— Браиловский! — ахнула она, раскрывая большие глаза еще шире. — Вы... к нам? Вы? Сюда? Ну... Всегда же я говорила, что вы — настоящий человек!
Глава XLVII. В ПОДМОСКОВНОМ НЕБЕ
Евгений Григорьевич Федченко вел воздушные бои против японцев в Монголии в тридцать девятом, против белофиннов над островами Саймы — в сороковом. Но нигде он не испытывал такой тяжелой, виски ломящей ярости, такого гнева и озлобления, как тут теперь, на этом уютном подмосковном аэродроме над рекой Клязьмой, в том нестерпимо медленном октябре.
Этот гнев сжимал ему челюсти до спазмы; он не мог говорить внятно.
Аэродром окружали такие родные, среднерусские поля и перелески. На старте всё время терпко и сладостно пахло убитой первыми морозами листвой лип; рябиновые кисти алели в ветвях. Реки и речки под крылом отблескивали голубой осенней сталью... «Неокрепший лед» лежал на них словно «тающий сахар». Всё было обжито, облюбовано; нарисовано Левитаном, описано в некрасовских стихах...
И всему этому теперь грозил конец. Гибель...
Летчики почти ежедневно были в бою: враг непрестанно, всё снова и снова, пытался прорываться к Москве. Стремился поразить ее промышленность, парализовать самый мозг страны.
Летчиков вызывали то на штурмовки, то на баражированье[48] опасных зон, то на перехват вражеских бомбардировщиков в воздухе.
Накануне того памятного для Евгения Федченко дня комполка вызвал его к себе на командный пост. Старший лейтенант Федченко получил задание. Оно было очень простым. Предстояло немедленно вылететь по срочному вызову в Москву, выполнить служебное поручение, дождаться ответа до вечера и вернуться обратно.
Это было не только просто. Это было приятно. С той самой встречи на четырнадцатом этаже, в Гнезниковском переулке, Евгений Федченко ни разу не видел Иры Краснопольской. Ни разу за месяцы войны не удалось ему побывать ни в Москве, ни тем более в привлекательном и немного страшном для него доме на Могильцевском переулке.
Конечно, он мог бы писать Ирине Петровне. Но это как раз казалось ему непреодолимо трудным... Написать и ждать, пока придет от нее невыносимо вежливый, тоненько ядовитый ответ? Нет, это слишком тяжело! Просто немыслимо!

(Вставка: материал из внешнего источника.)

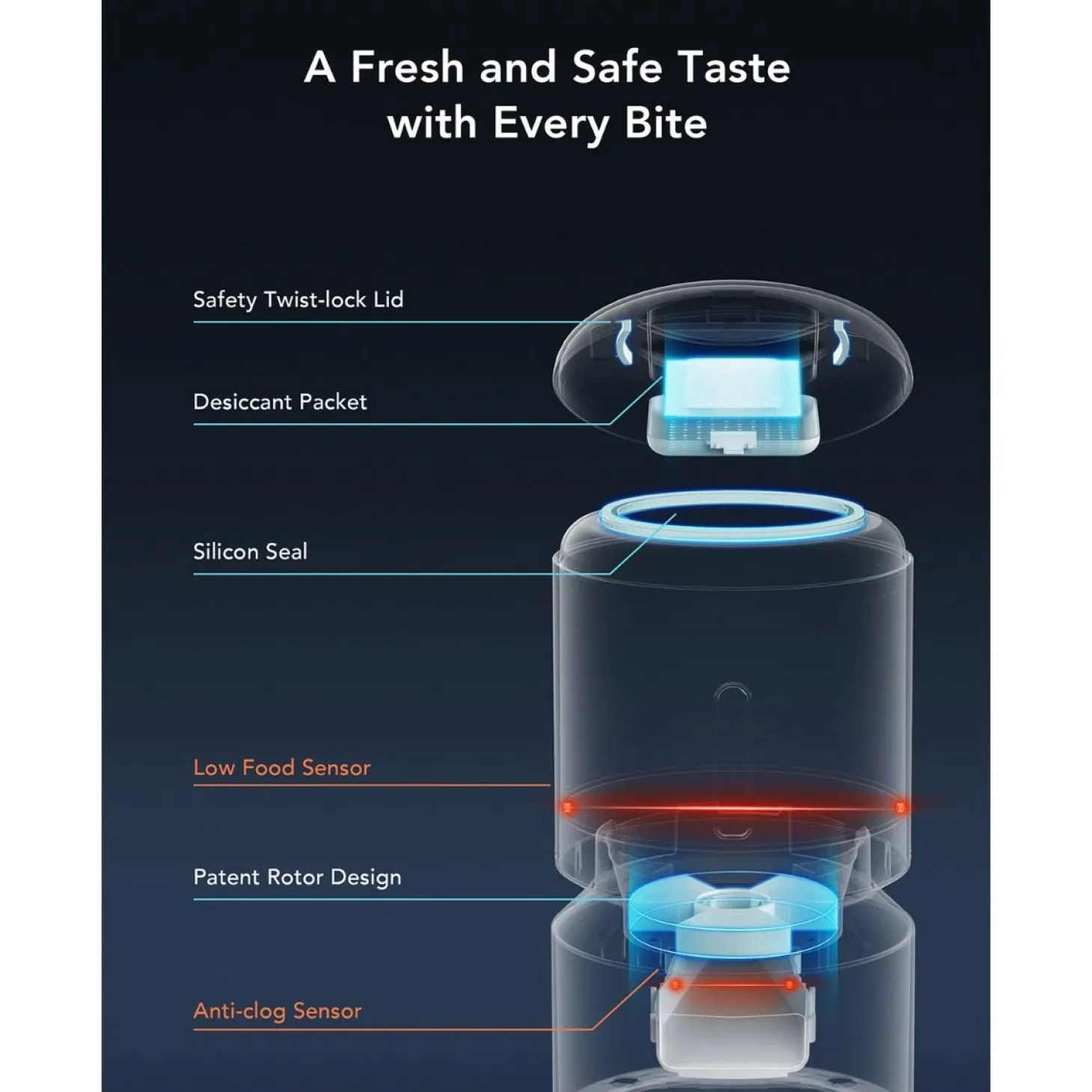 - Vul het 5-liter reservoir met droogvoer, sluit goed af voor maximale versheid.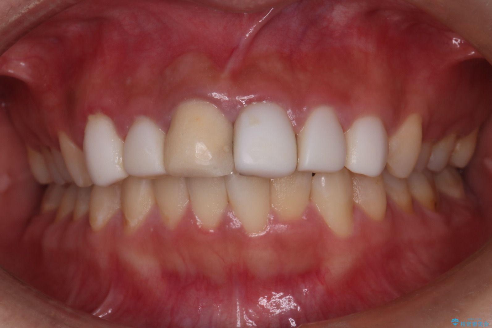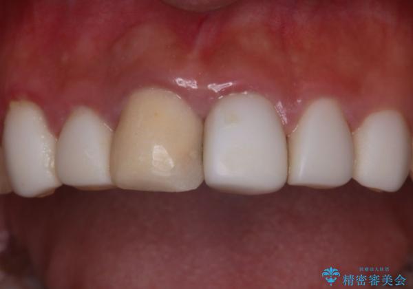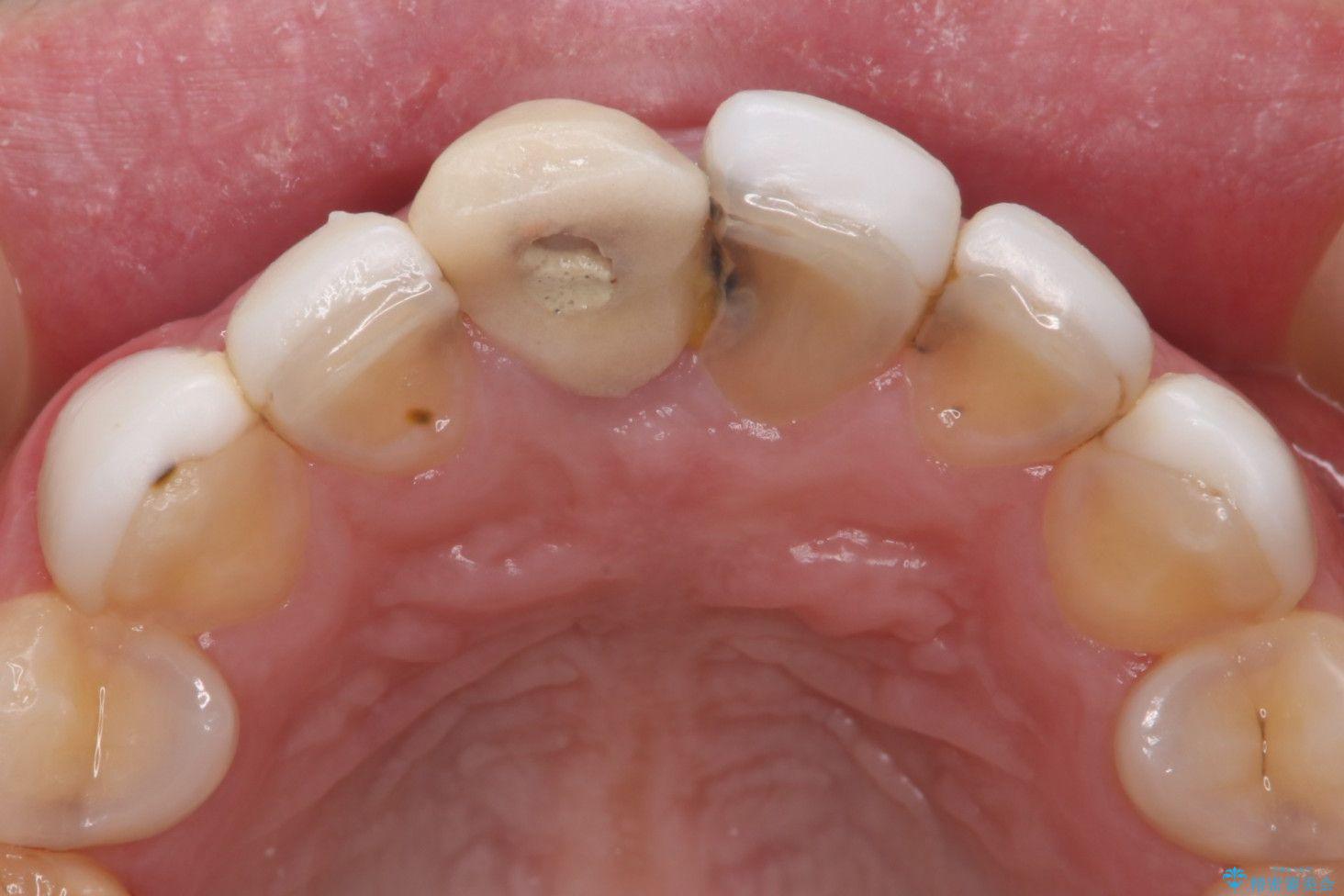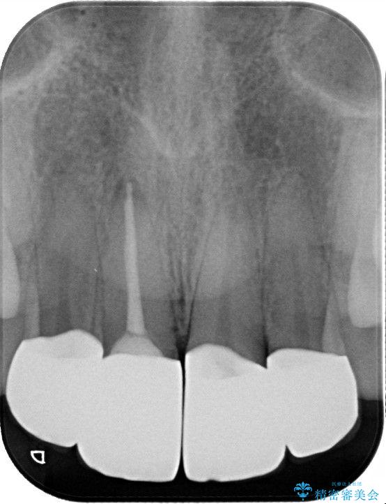 - 他院で治療した前歯の色が気になるということで来院された患者様です。前歯に色の差があり、レントゲンから内部にう蝕も見られたため、審美性に優れ、う蝕になりにくいオールセラミッククラウンで治療いたしました。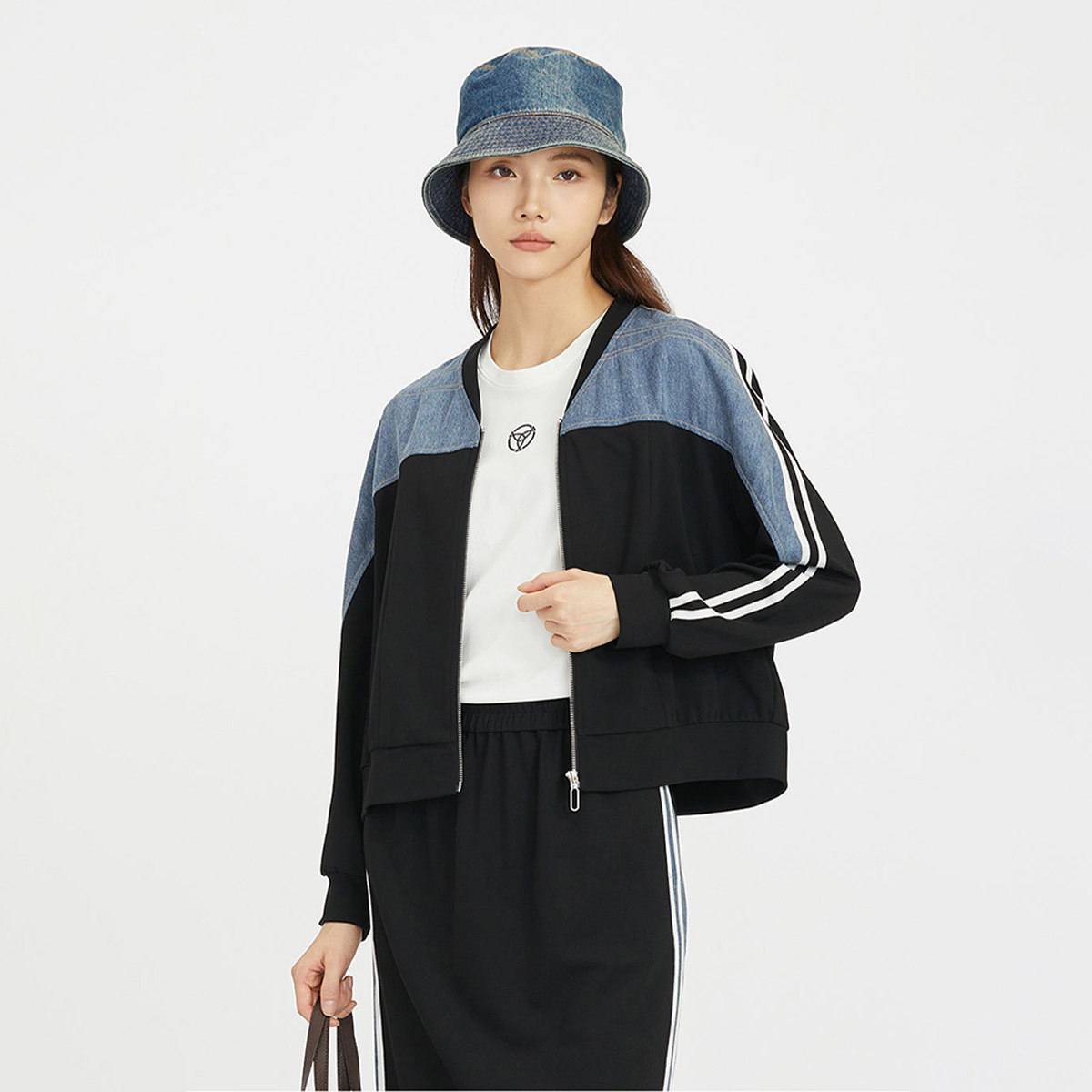 莫代尔潮酷拼接百搭棒球领外套女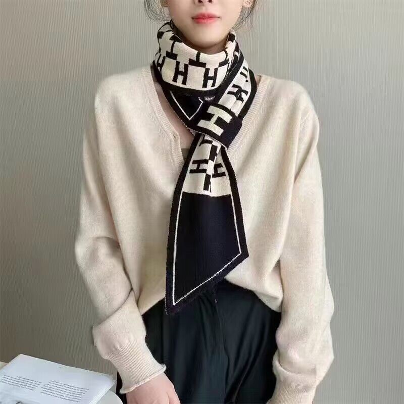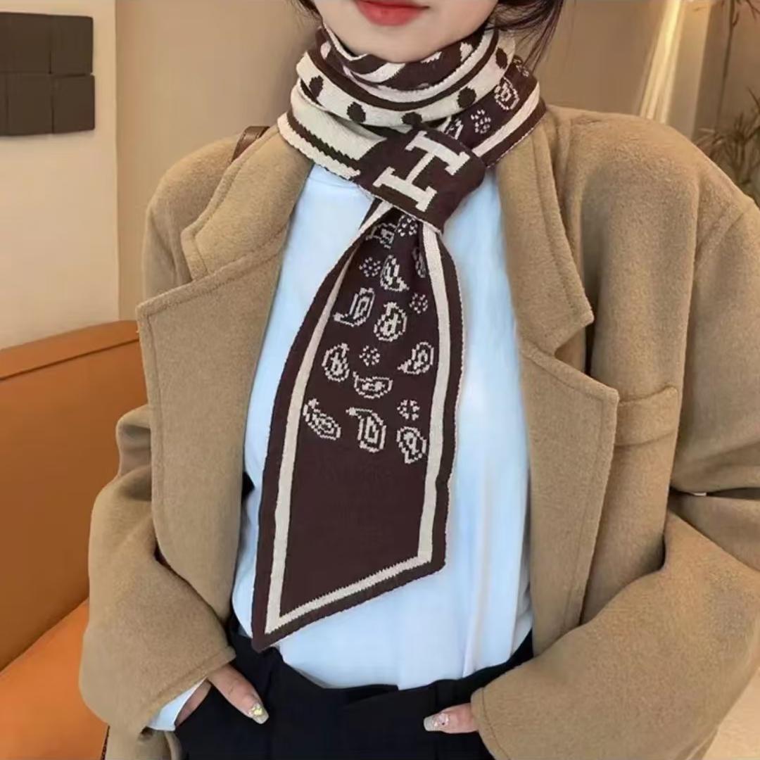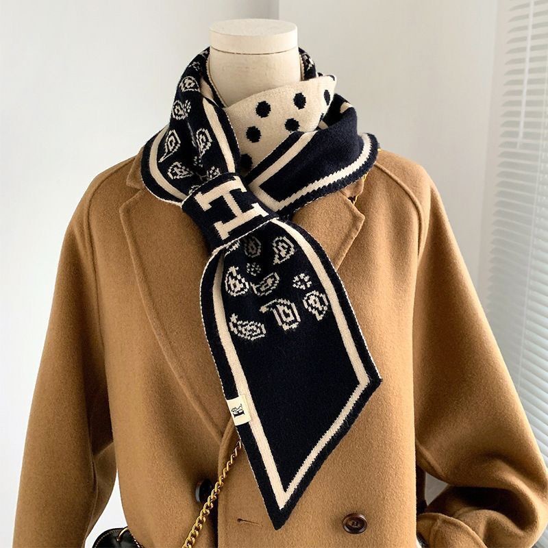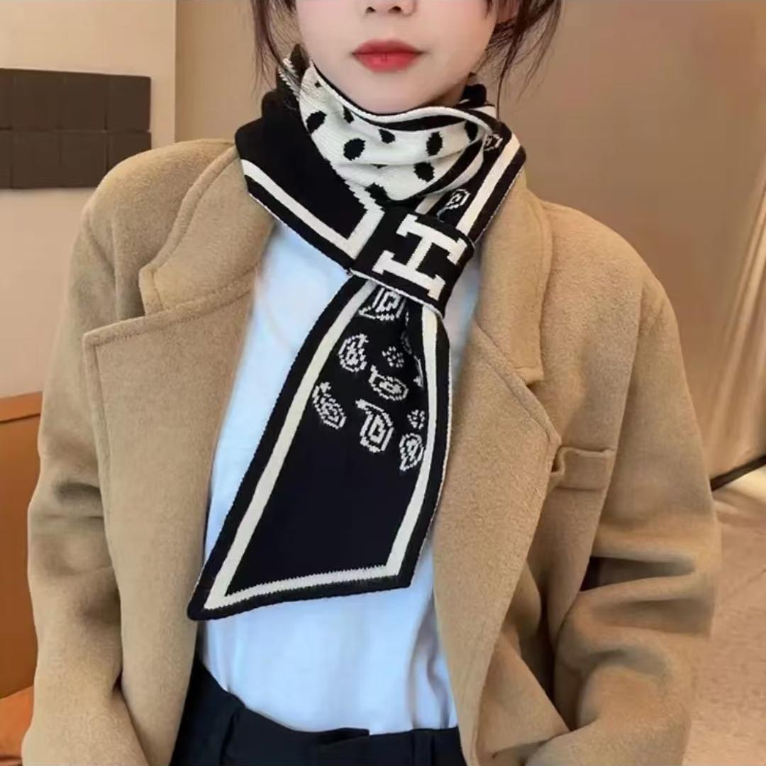 고급 Houndstooth 한국 스타일 가을과 겨울 니트 양모 작은 스카프 여자 겨울 스카프 목 보호 모든 경기 폭발성 스카프
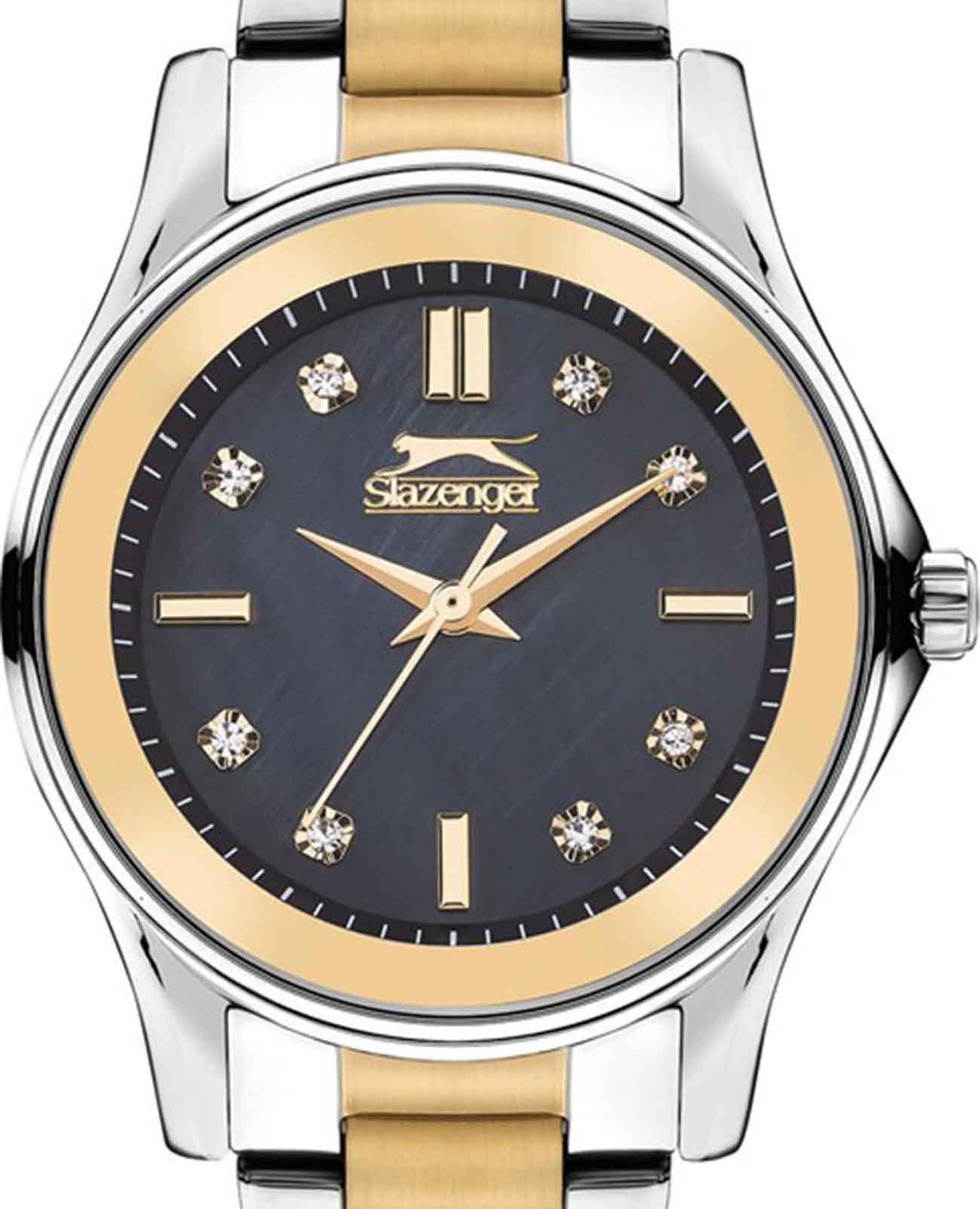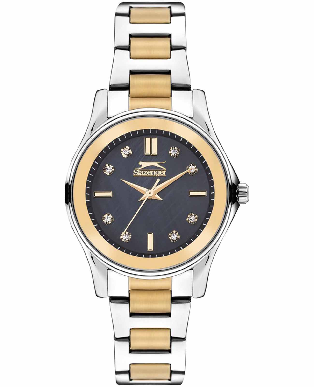 Женские наручные часы Slazenger SL.09.2235.3.09 сочетают в себе классический дизайн и надежность современных технологий. Модель обладает круглым корпусом диаметром 32 мм, изготовленным из прочного металла, что обеспечивает высокую устойчивость к внешним воздействиям. Индексы украшены фианитами. Браслет выполнен из металла с частичным золотистым IP-покрытиемIP-покрытиеМетод ионного напыления. Демонстрирует повышенную устойчивость к истиранию, окислению и химическим веществам. Под воздействием высокого давления и температуры около 1500°C молекулы металла надёжно соединяются с частицами корпуса часов. и с раскладной застёжкойРаскладная застёжкаТакой тип застёжки используется только на браслетах из металла. Она никогда не раскрывается полностью, происходит разделение на 2 и более частей. Раскладывающая застёжка снизит вероятность потери часов к минимуму., гарантирующей комфортное ношение и безопасность. Циферблат перламутрового синего цвета декорирован золотистыми стрелками и индексами. Для защиты используется минеральное стеклоМинеральное стеклоМинеральное стекло представляет собой искусственно выращенный минерал кварца. Такое стекло отличается особой устойчивостью к повреждениям и царапинам. Уступает по некоторым качествам сапфировому стеклу., обеспечивающее прочную защиту от царапин. Часы работают на кварцевом механизме, что гарантирует точное время без необходимости подзаводки. Водонепроницаемость часов достигает 3 атмосфер, что позволяет использовать их при мытье рук или хождении под мелким дождем, однако не рекомендуется для плавания или других водных видов спорта. Вес модели составляет 72 грамма.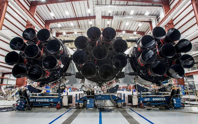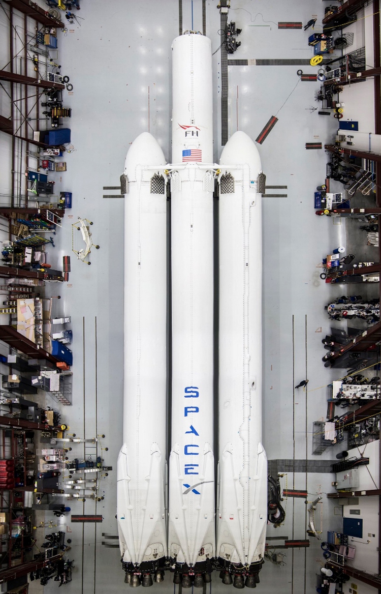 Илон Маск подчеркнул, что сборка происходит в ангаре у той же площадки, с которой стартовала первая лунная миссия Apollo 11. Он восторгается ракетой-носителем «Сатурн-5», двигатели которой имели в 1,5 раза большую тягу, и отмечает, что первый полет Falcon Heavy пойдет на 92 процента мощности двигателей. При этом все три первые ступени будут возвращены на Землю для повторного использования.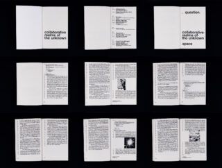 beschreibt, analysiert und hinterfragt, in fünf experimentellen Schritten, temporär manifestierte Arbeitsweisen, im Hinblick auf das Grafikdesign-Diplom. Der als Ausgangspunkt angenommene Leitsatz der Zusammenarbeit wird dabei zuerst in seine Einzelteile zerlegt, welche in darauffolgenden, analogen wie digitalen, Experimenten in neuen – unbekannten – Kooperationen weiterentwickelt werden.

До самой войны она язвила его, как хотела; командовала им деспотически: веревки из него вила. «Старший лейтенант? Подумайте! Мальчишка, значит!»
Нет уж, легче прямо встретиться лицом к лицу, чем писать.
Что до Петра Лавровича, то как по-отечески ни относился к Федченке строитель скоростных истребителей, Женя трепетал перед ним, словно осиновый лист. Одна мысль, что знаменитый конструктор может заподозрить что-нибудь, приводила старшего лейтенанта в панику.
Поднимет щетинистые брови, выставит вперед бородку и скажет: «Ах вот он что? Влюблен? В мою дочь! Гм?» Ужасно!
Правда, теперь до Федченки дошли ободряющие слухи: Петр Краснопольский как будто выбыл в долгую заграничную командировку; это уже легче. «Заеду! — решил он. — Может быть, они и не эвакуировались еще?»
В десять утра летчик Федченко был уже в Москве. Два часа спустя он выполнил всё, что ему было поручено, и оказался свободным до темноты. Поколебавшись, он направился на Могильцевский... Сердце его забилось так, точно он чрезмерно быстро набирал высоту.
То, что он застал у Краснопольских, не успокоило его. Иринина мать, Екатерина Александровна, которую он привык видеть уверенной в себе, невозмутимой, знаменитой, пребывала в довольно жалком состоянии. Да, она боялась! Боялась она всего этого. Тревоги и бомбежки ее измучили. Она не герой. Она женщина, художник! Нет никаких причин стыдиться этого болезненного состояния, да, да, да...
Она собиралась эвакуироваться. Как можно скорее, как можно дальше...
— Екатерина Александровна! А Ирина Петровна что?..
Последовал взрыв. Сумасшедшая девчонка и слышать не хочет об отъезде! Она заявила, что ни за какие блага не тронется с места, пока... Да, кто ее знает, где она сейчас носится? На каких-то курсах противовоздушной обороны! Она совершенно не думает о матери... Она...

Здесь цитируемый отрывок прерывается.